A guide on how to calculate covariance without using NumPy.

Covariance is the joint variability of two random variables, i.e. if the value of a variable x_ii increases how the value of x_ij changes. If the value of x_ii gets larger with the value of x_ij getting larger (and gets smaller together) we can say covariance is positive. If they move in opposite, then covariance is negative and if they are not correlation, covariance is 0 (zero).

For calculating covariance, we can use NumPy's covariance method:

import numpy as np
a = [[1,2,3],[6,7,8]]
c1 = np.cov(a)
print(c1)

>>
[[1. 1.]
 [1. 1.]]

We can implement it without using NumPy or any external package in Python. First of all, we need to understand how to calculate covariance. The covariance of a matrix can be calculated using below formula (source: Wikipedia):

Covariance calculation (source: Wikipedia)

q_jk is the element in the covariance matrix (j-th row, k-th column). So basically, we calculate the mean of each column vector and sum the products of differences of column vectors from their mean.

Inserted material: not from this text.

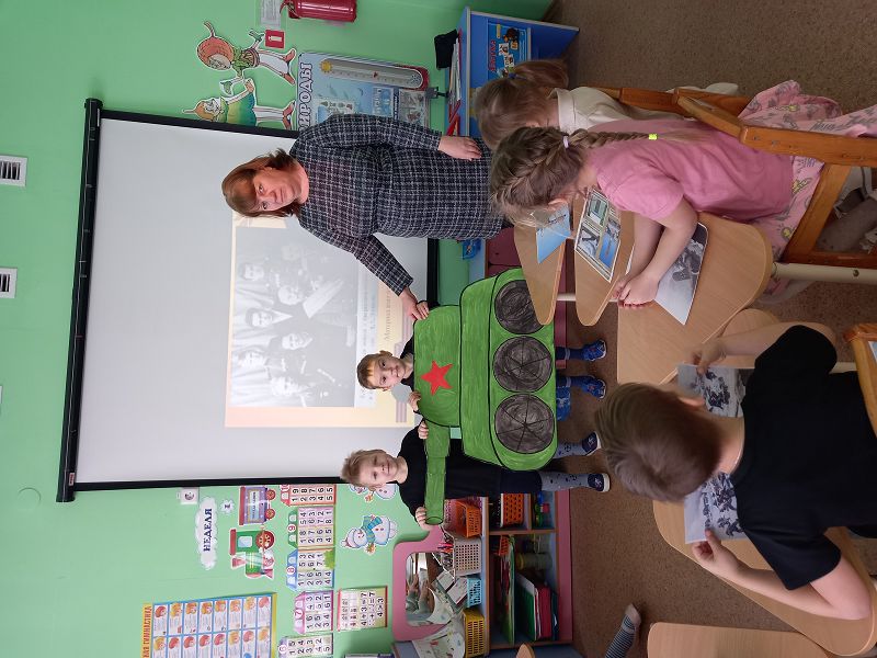 В разновозрастной группе «Ромашки» прошло занятие по патриотическому воспитанию на тему «Великая битва – великой победы», посвященное 83-ей годовщине Тацинского танкового рейда. Воспитанникам была представлена презентация, из которой ребята узнали, как в самый разгар Сталинградской битвы командир корпуса генерал-лейтенант танковых войск Баданов В.М. получил приказ уничтожить вражеский аэродром в станице Тацинской. Танкистам помогали юные жители станицы Гриша Волков и Федя Игнатенко, которые указали путь к аэродрому.

To implement this, we first define a helper function to find individual q_jk covariance values given two column vectors of a matrix; i.e. v_j, v_k

def cov_value(x,y):

	mean_x = sum(x) / float(len(x))
	mean_y = sum(y) / float(len(y))

	sub_x = [i - mean_x for i in x]
	sub_y = [i - mean_y for i in y]

	sum_value = sum([sub_y[i]*sub_x[i] for i in range(len(x))])
	denom = float(len(x)-1)

	cov = sum_value/denom
	return cov

After defining our helper function, we are ready to calculate covariance values for each cell in the matrix. For this, our function will get a matrix as input and produce a covariance matrix:

def covariance(arr):
	c = [[cov_value(a,b) for a in arr] for b in arr]
	return c

This is it, we are done! Additionally, we can add a few extra controls to check whether the format and size of the input are correct. We can write a helper function like below to check vector lengths before calculating covariance matrix:

def check_vectors(arr):
	length = len(arr[0])
	x=[1 for a in arr if len(a)!=length]

	if(sum(x)>0):
		raise Exception(f'length of vectors not same')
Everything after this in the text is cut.